WORK REQUIRED: From the data underneath, reproduce exactly the stretch that begins at the line with "The audience at" and ends after the line with "Dragon statue in".

[[ TASK MATERIAL open ]]

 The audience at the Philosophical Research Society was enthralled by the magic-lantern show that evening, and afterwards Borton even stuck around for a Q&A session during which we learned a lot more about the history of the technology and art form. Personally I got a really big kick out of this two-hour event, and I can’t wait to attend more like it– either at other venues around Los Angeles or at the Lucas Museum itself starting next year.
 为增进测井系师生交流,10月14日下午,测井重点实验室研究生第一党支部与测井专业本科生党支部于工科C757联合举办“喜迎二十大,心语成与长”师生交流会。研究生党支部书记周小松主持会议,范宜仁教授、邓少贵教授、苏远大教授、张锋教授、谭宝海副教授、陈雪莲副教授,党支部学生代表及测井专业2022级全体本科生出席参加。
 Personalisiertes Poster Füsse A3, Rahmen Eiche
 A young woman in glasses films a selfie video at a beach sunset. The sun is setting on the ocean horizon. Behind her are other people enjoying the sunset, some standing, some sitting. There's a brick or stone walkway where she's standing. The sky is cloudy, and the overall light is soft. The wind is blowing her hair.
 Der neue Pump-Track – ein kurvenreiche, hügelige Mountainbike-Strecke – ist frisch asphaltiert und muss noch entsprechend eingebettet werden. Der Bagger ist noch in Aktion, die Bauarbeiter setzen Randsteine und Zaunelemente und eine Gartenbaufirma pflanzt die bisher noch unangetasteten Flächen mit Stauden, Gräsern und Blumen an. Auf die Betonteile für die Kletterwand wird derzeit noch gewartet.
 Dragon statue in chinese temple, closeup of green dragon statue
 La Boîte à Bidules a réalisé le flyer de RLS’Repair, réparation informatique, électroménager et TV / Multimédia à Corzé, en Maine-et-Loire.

[[ TASK MATERIAL closed ]]
[[ TASK MATERIAL open ]]

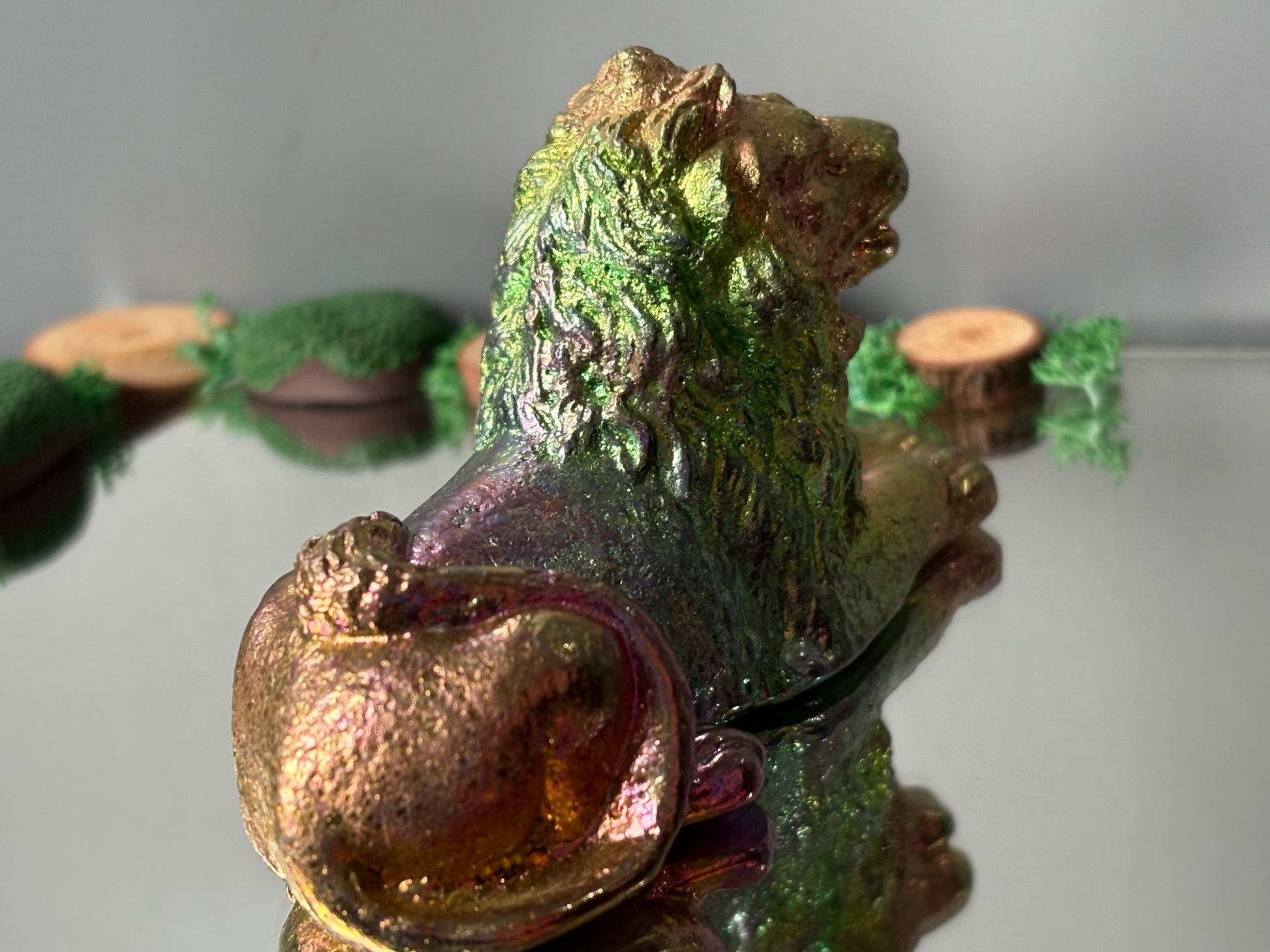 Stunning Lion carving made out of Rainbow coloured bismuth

[[ TASK MATERIAL closed ]]

RESPONSE TO THE TASK:
 The audience at the Philosophical Research Society was enthralled by the magic-lantern show that evening, and afterwards Borton even stuck around for a Q&A session during which we learned a lot more about the history of the technology and art form. Personally I got a really big kick out of this two-hour event, and I can’t wait to attend more like it– either at other venues around Los Angeles or at the Lucas Museum itself starting next year.
 为增进测井系师生交流,10月14日下午,测井重点实验室研究生第一党支部与测井专业本科生党支部于工科C757联合举办“喜迎二十大,心语成与长”师生交流会。研究生党支部书记周小松主持会议,范宜仁教授、邓少贵教授、苏远大教授、张锋教授、谭宝海副教授、陈雪莲副教授,党支部学生代表及测井专业2022级全体本科生出席参加。
 Personalisiertes Poster Füsse A3, Rahmen Eiche
 A young woman in glasses films a selfie video at a beach sunset. The sun is setting on the ocean horizon. Behind her are other people enjoying the sunset, some standing, some sitting. There's a brick or stone walkway where she's standing. The sky is cloudy, and the overall light is soft. The wind is blowing her hair.
 Der neue Pump-Track – ein kurvenreiche, hügelige Mountainbike-Strecke – ist frisch asphaltiert und muss noch entsprechend eingebettet werden. Der Bagger ist noch in Aktion, die Bauarbeiter setzen Randsteine und Zaunelemente und eine Gartenbaufirma pflanzt die bisher noch unangetasteten Flächen mit Stauden, Gräsern und Blumen an. Auf die Betonteile für die Kletterwand wird derzeit noch gewartet.
 Dragon statue in chinese temple, closeup of green dragon statue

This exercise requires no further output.